Glenwood Springs Police Chief Terry Wilson was right in the middle of it, directing police officers scrambling to evacuate neighborhoods, sorting out rumor and fact, interacting with other agencies and planning for worst-case scenarios.

“Controlled chaos and panic is about the best way to describe that day,” he said.

“The issue for us, and for everyone involved, was how fast the fire moved,” he said. “That was extremely frightening to contemplate, and made it very difficult to effect any evacuations.”

As the fire was barreling east through South Canyon, Wilson was standing in West Glenwood in a cloud of smoke, trying to organize emergency teams headed up Mitchell Creek and residents fleeing down.

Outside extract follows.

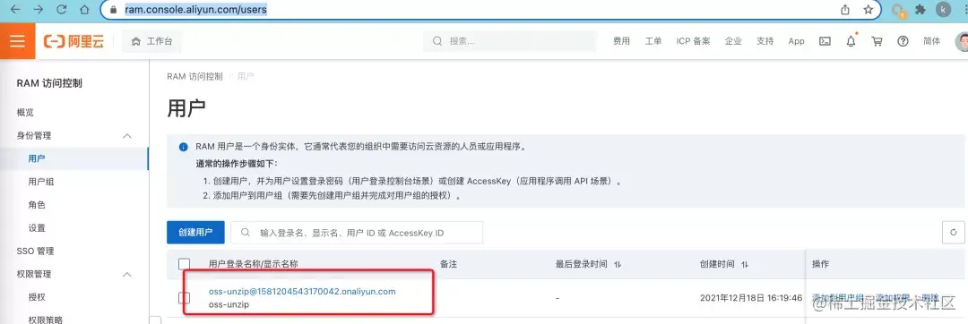 - 创建好账号以后再打开 RAM 控制台**[1]** 能看到刚才创建的账号信息。
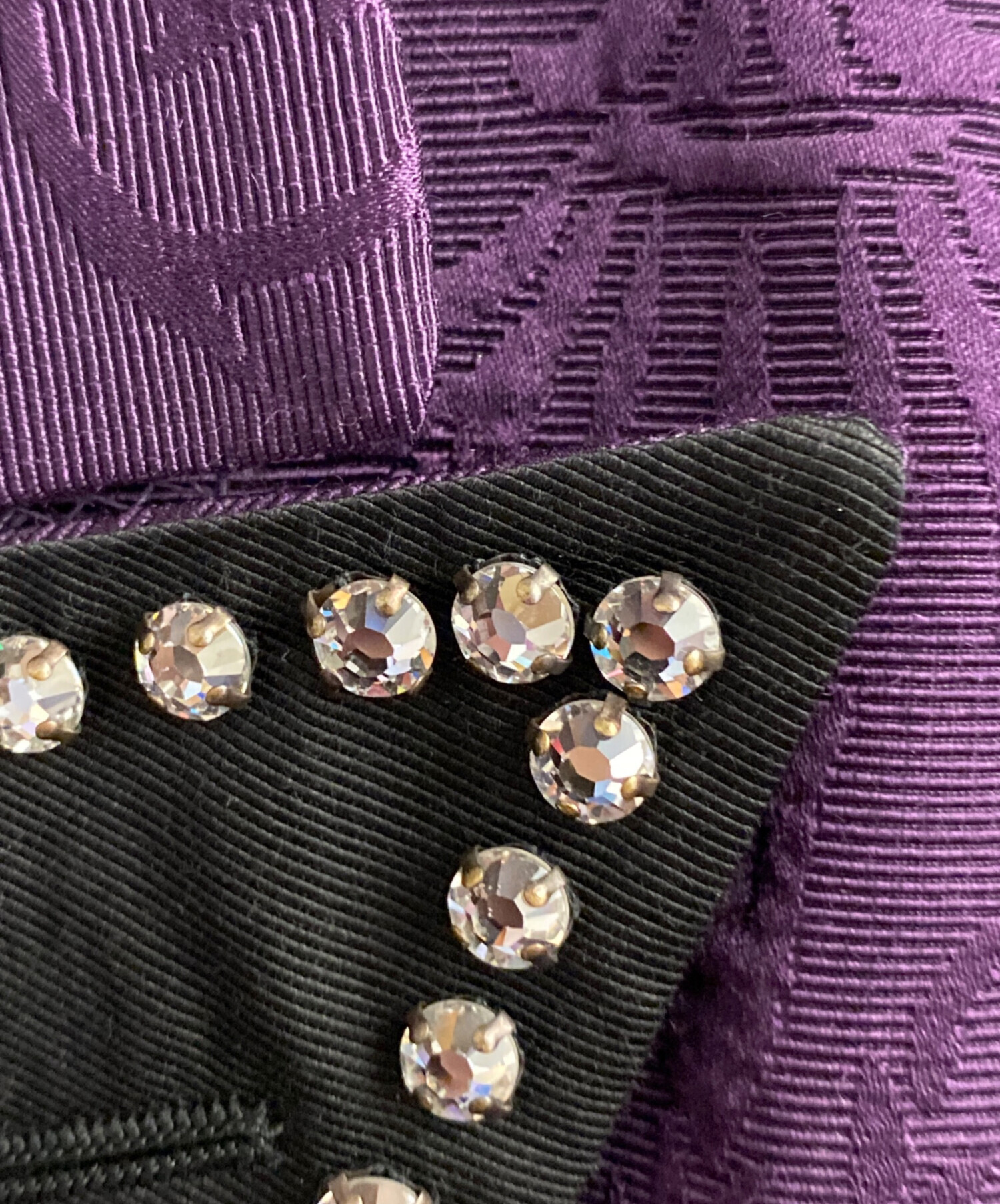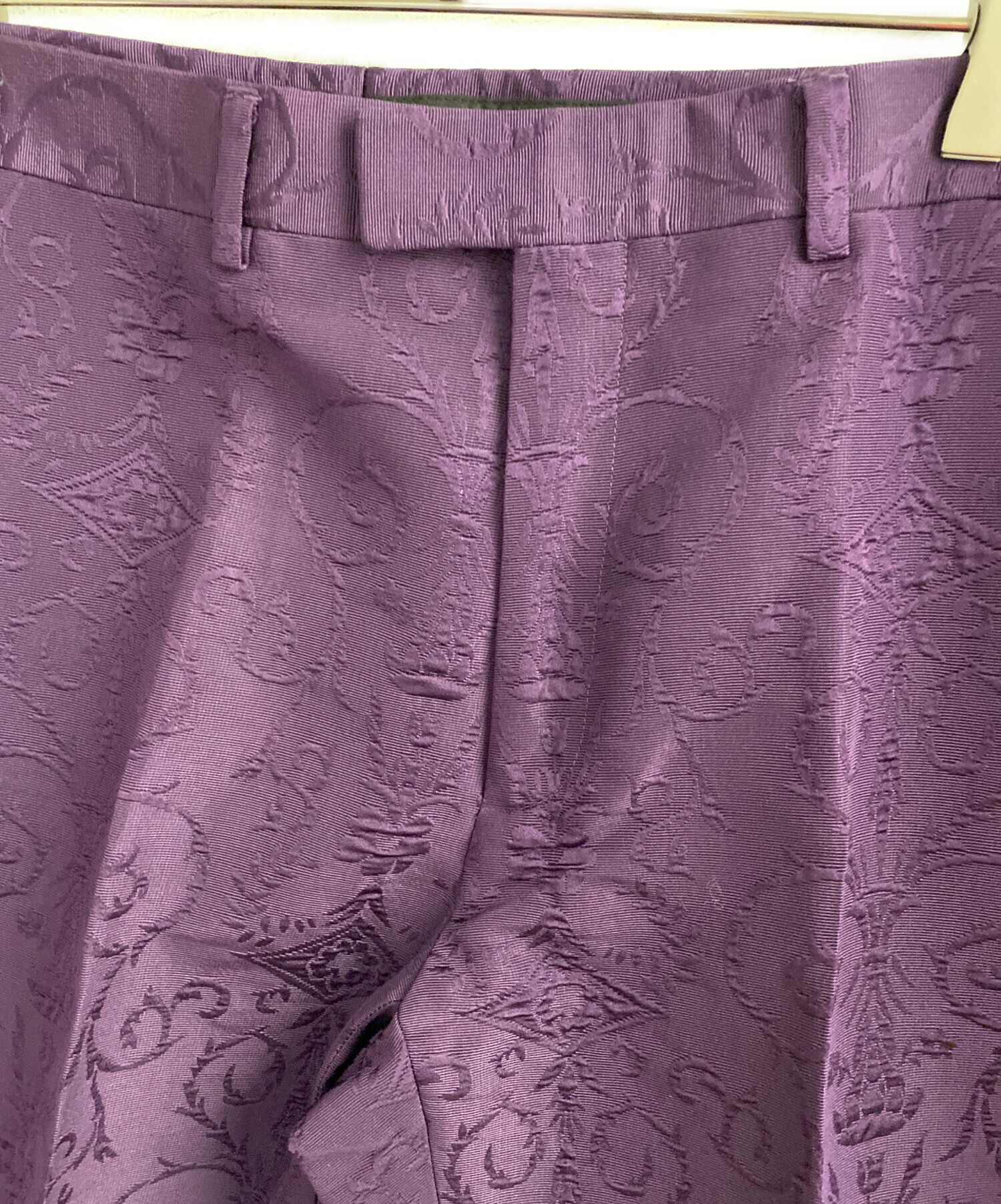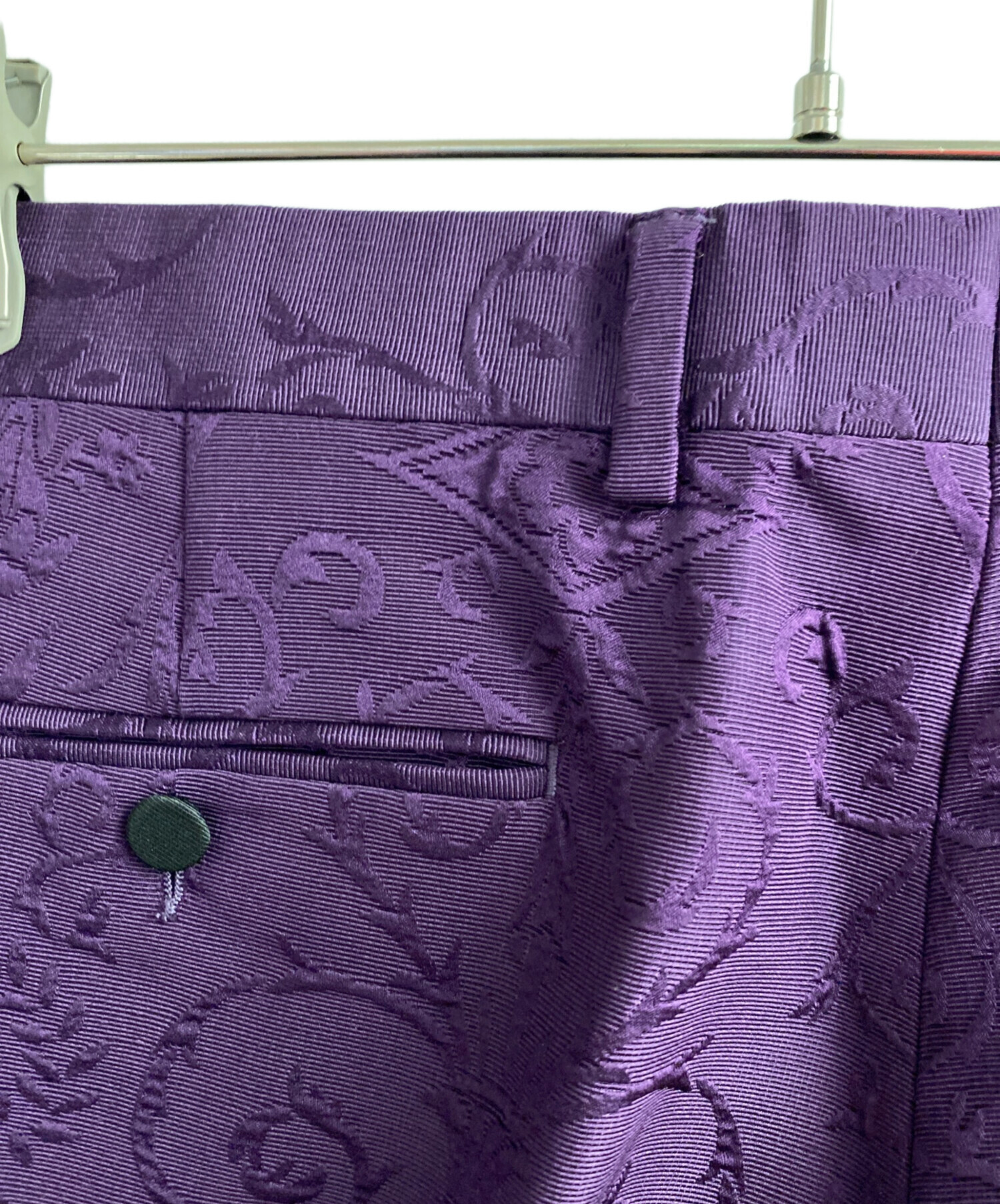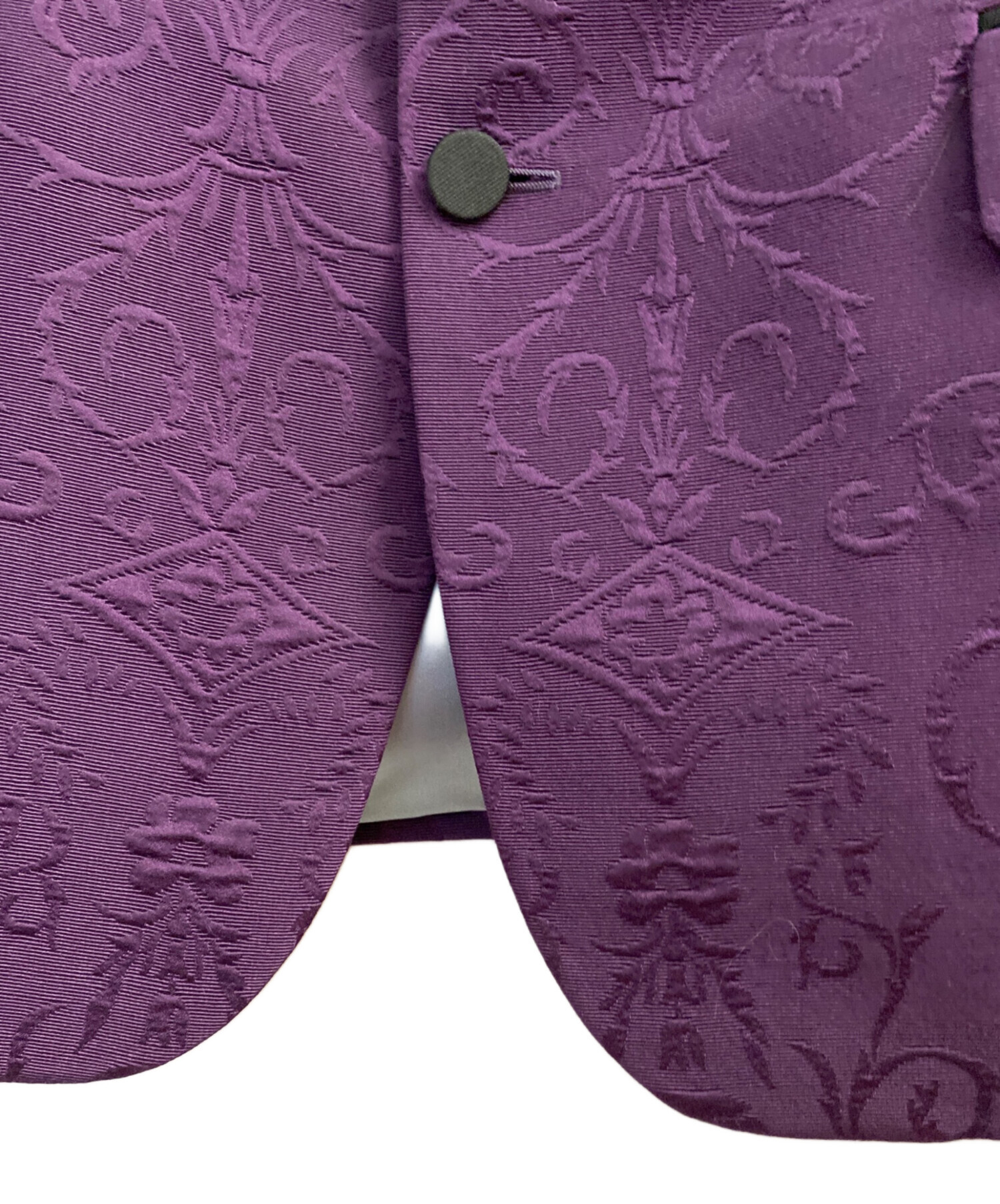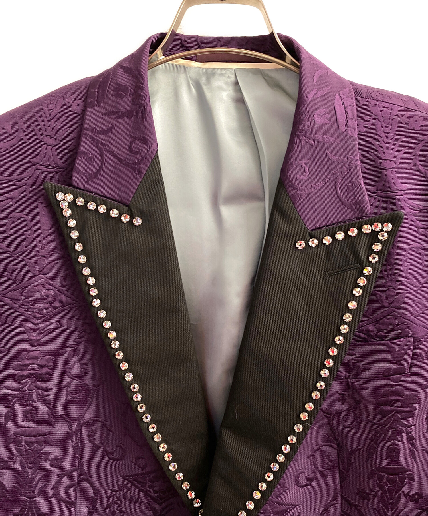 | 素材 | ジャケット 表地:ウール79%・シルク29% 一部:シルク100% 刺繍部分:ガラス繊維 100% メタルパーツ 裏地:レーヨン68%・シルク22% パンツ 表地:毛71%・シルク29% 裏地:レーヨン100% ポケット裏地:ポリエステル65%・コットン35% |

Two police officers driving up Mitchell Creek described over the police radio that the fire was jumping the road and burning above their squad cars.

Authorities retreated to city hall downtown as West Glenwood was evacuated. With thick smoke filling the valley, there was no way to tell what was happening in the areas being burned over.

Wilson recalled all sorts of rumors going around that the Glenwood Springs Mall and the nearby auto dealerships were on fire, and that the community center and the municipal operations center had burned down.

There were also fears that the fire would burn up through South Canyon and head east into the upper Three Mile and Four Mile areas.

An officer new to the force and to the community was sent up Three Mile to go door-to-door with the evacuation order, Wilson recalled. Just as the officer left the last house, a tire blew out on his squad car. He could see the fire crest the hill. He radioed in asking what to do. Wilson advised him to imagine he was on a race car pit crew.

“He changed the tire in world record time, and got off the mountain,” Wilson said.

Authorities had already closed I-70 in both directions, only allowing traffic from Glenwood Springs to head east toward Eagle. For a time, it looked like Highway 82 might have to be closed as well, cutting off a major evacuation route.

As the flames were bearing down on the Red Mountain neighborhood, an all-city evacuation became a possibility.

“We literally were looking at a plan to dump the entire town. The city manager’s jaw just about dropped to the floor on that one,” Wilson said.

In the end, the evacuations were limited to West Glenwood, the Red Mountain neighborhood and the Four Mile area.

In the days and weeks to come, as the city and its residents assessed the damage, cleaned up and dealt with the aftermath of mudslides, the community came together in a remarkable way.

All over town, the phrase “How can I help?” was spoken hundreds of times. The community spirit of Glenwood Springs, along with the support of its neighbors throughout the region, came shining through the smoke, ash and mud.